Called lack of bit depth. Not enough steps to transition from light to dark. Sets that do 10 bit or 12 bit video processing may show this better.

regards


----------



## AtomicAgeZombie (May 2, 2012)

Michael,

Are there any settings that can improve this, or is it all hardware based?


----------



## michael tlv (Jun 23, 2009)

Greetings

Sometimes a better BD player my do a better job. But the TV has to be up to the task too.

REgards


----------



## flamingeye (Apr 2, 2008)

I notated stuff like that on my Westinghouse LED TV my Panasonic plasma TV does a better job with stuff like that I'm not sure if all LED TVs do this but mine sure does , but then again I have a cheap Blu-ray player on the LED TV


----------



## AtomicAgeZombie (May 2, 2012)

Is there a way to check the bit depth of the TV?


----------



## michael tlv (Jun 23, 2009)

Greetings

Not surprising on a cheap TV. Samsung was already touting 1 billion shades 4 or 5 years back at CES.

regards


----------



## michael tlv (Jun 23, 2009)

Greetings

Usually throw up a ramp grayscale pattern. Black to white ... not in steps of 5% ... but a smooth transition. But then nothing you can do about it either.

regards


----------



## AtomicAgeZombie (May 2, 2012)

I wanted to use the smooth scale to see what it would look like. I saved the test from here onto a USB, and put it directly into the TV.

I took a quick shot with my phone, so forgive the quality, but if you can zoom in on the pic, you will see vertical gray lines in the whitest parts.


----------



## tbaudoin (Mar 19, 2012)

michael tlv said:


> Greetings
> 
> Usually throw up a ramp grayscale pattern. Black to white ... not in steps of 5% ... but a smooth transition. But then nothing you can do about it either.
> 
> regards


Just a general question: looking at bit depth changes. Here's a thing I haven't tried yet.

-Put up a smooth ramp
-verify 8bit output from signal generator, observe ramp
-change to 12-bit (or whatever might be supported in system), observe ramp. 

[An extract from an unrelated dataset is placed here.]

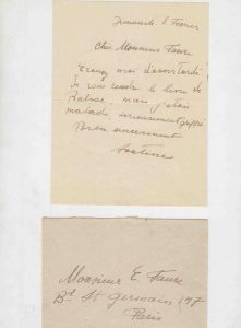 Lettre autographe signée « Soutine » au médecin, historien et critique d'art Élie Faure. S.l.n.d. 1 p. in-12, enveloppe. « Cher monsieur faure, excusez-moi d'aVoir tardé de Vous rendre le liVre de balsac, mais j'étais malade, sérieusement grippé. Bien sincèrement... » La compagne de Soutine dans les années 1937 à 1940, Gerda Groth a souligné dans ses mémoires que le peintre lisait les grands auteurs français comme Montaigne ou Racine (Mes années avec Soutine, 1973). Joint, une pièce concernant la location par Soutine d'un hôtel particulier, aux frais d'Élie Faure : « Reçu de Monsieur Sutine, la somme de cinq mille quatre cent cinquante francs en un chèque... au nom de Mr Faure à titre de commission forfaitaire sur la location de l'hôtel particulier que je lui ai procuré, 26 passage d'Enfert à Paris, et frais d'enregistrement du bail... » (Paris, 10 janvier 1930, 1 p. in-8 oblong dactylographiée avec ajouts manuscrits). Chaïm Soutine, qui changea souvent de logement, vécut de 1930 à 1936 dans cet hôtel particulier du quartier Montparnasse. « Vous étiez, Vous êtes encore, hors mes deux fils, le seul homme que j'aime » (Élie Faure à Soutine). Élie Faure, qui avait déjà remarqué son œuvre, rencontra pour la première fois Soutine au début de 1927. Il le considérait comme un génie « ivre de peinture », « le premier – de très loin – des peintres vivants », comme il l'écrivait et lui écrivait. Élie Faure accueillit Soutine chez lui, à Paris, à Bordeaux à la fin de 1927 et durant l'été de 1928, en Dordogne dans sa maison familiale durant l'été de 1929, à la suite de quoi il l'emmena en Espagne pour un voyage d'où Soutine revint enchanté. Élie Faure consacra une monographie au peintre en 1929 – la seconde à paraître après celle de Waldemar-George en 1926. Il lui acheta quelques toiles, dont un Bœuf écorché et une Volaille suspendue, et lui apporta un soutien financier en 1930. L'amitié qui liait les deux hommes était très forte, Élie Faure traitant Soutine comme un fils, mais une brouille les sépara au printemps 1930 : Soutine serait tombé amoureux de Marie-Zéline dite Zizou, la fille d'Élie Faure. Il en parla à ce dernier (qui semble avoir gardé le silence auprès de Zizou) mais tarda à se déclarer auprès de la jeune fille elle-même : quand il se décida enfin à le faire, celle-ci s'était entre temps engagée auprès d'un autre – d'où la furie de l'irascible peintre. Joint, le brouillon autographe signé de la réponse d'Élie Faure : « soutine (et non monsieur), Vous êtes d'une injustice atroce, que Vous regretterez – je l'espère pour vous – quand le calme sera rentré dans votre cœur. Nul ne vous a bafoué chez moi, nous avons été les uns et les autres victimes des circonstances et d'une imprudence commune où je ne vois rien qui puisse diminuer le respect que je vous garde et que vous me devez aussi... Est-ce là l'estime que vous inspirait ma fille ?... je Vous connais mieux que Vous ne Vous connaissez Vous-même, votre lettre n'existe déjà plus dans mon souvenir... Je ne souffrirais pas de votre abandon si je pouvais penser une minute qu'elle représente votre réelle nature. C'est en vousmême que vous chercherez le pardon de l'avoir écrite, et, j'aime à le croire, l'y trouverez. Ce jour-là, je vous accueillerai en homme chez qui "l'admiration" était devenue, depuis que je vous connaissais, le complément nécessaire de l'amitié. si, dans cette amitié, Vous n'aVez, Vous, senti que "l'admiration", ce serait pour moi une raison suffisante de Vous retirer l'une et l'autre, car cela me montrerait qu'il n'y aVait qu'un peintre exceptionnel là ou j'aVais cru trouVer un homme. et ce ne serait pas tant pis pour moi, mais tant pis pour Vous. jusqu'au jour – que j’espère proche – ou Vous Vous aperceVrez que l’humilité est la conquête même et le refuge de l'orgueil... Je vous attends donc avec confiance, des mois et des années s'il le faut. Vous étiez, Vous êtes encore, hors mes deux fils, le seul homme que j'aime... J'ai 57 ans. Je disparaîtrai peut-être sans que vous m'ayez pardonné le mal que nul chez moi n'a voulu vous faire, et dont je vous pardonne, moi, la vilaine interprétation. Mais si je meurs sans que vous soyez venu me dire que vous vous êtes trompé, non pas sur mon compte, mais sur le vôtre même, ce sera l'âme tranquille, avec la conviction que vous regretterez un jour de ne pas être revenu vers moi. Et c'est dans cette conviction qu'est la preuve de l'affection, du respect et de "l'admiration" qu'il ne dépend que de vous que je persiste à vous accorder. de loin, Votre peinture me dira si Vous demeurez l'homme que je Vois encore en Vous. en attendant, je reste Votre seul ami, et Votre solitude est ma souffrance...» « au moment où L'on m'outrage, iL ne faLait pas parLer de penture... »

What might one suspect if there were something amiss? I'm thinking of a Sony that has SBM. It hypothetically, I suppose can process 12-bits. I'm trying to figure out a way to test it without making it into a science project. BTW, the picture looks great as it is. It's really more about other displays I may encounter and how to tell if the system can be set-up better. I basically looking for a method that helps figure out the bit-depth both supported and verified as better or worse.

Thanks...


----------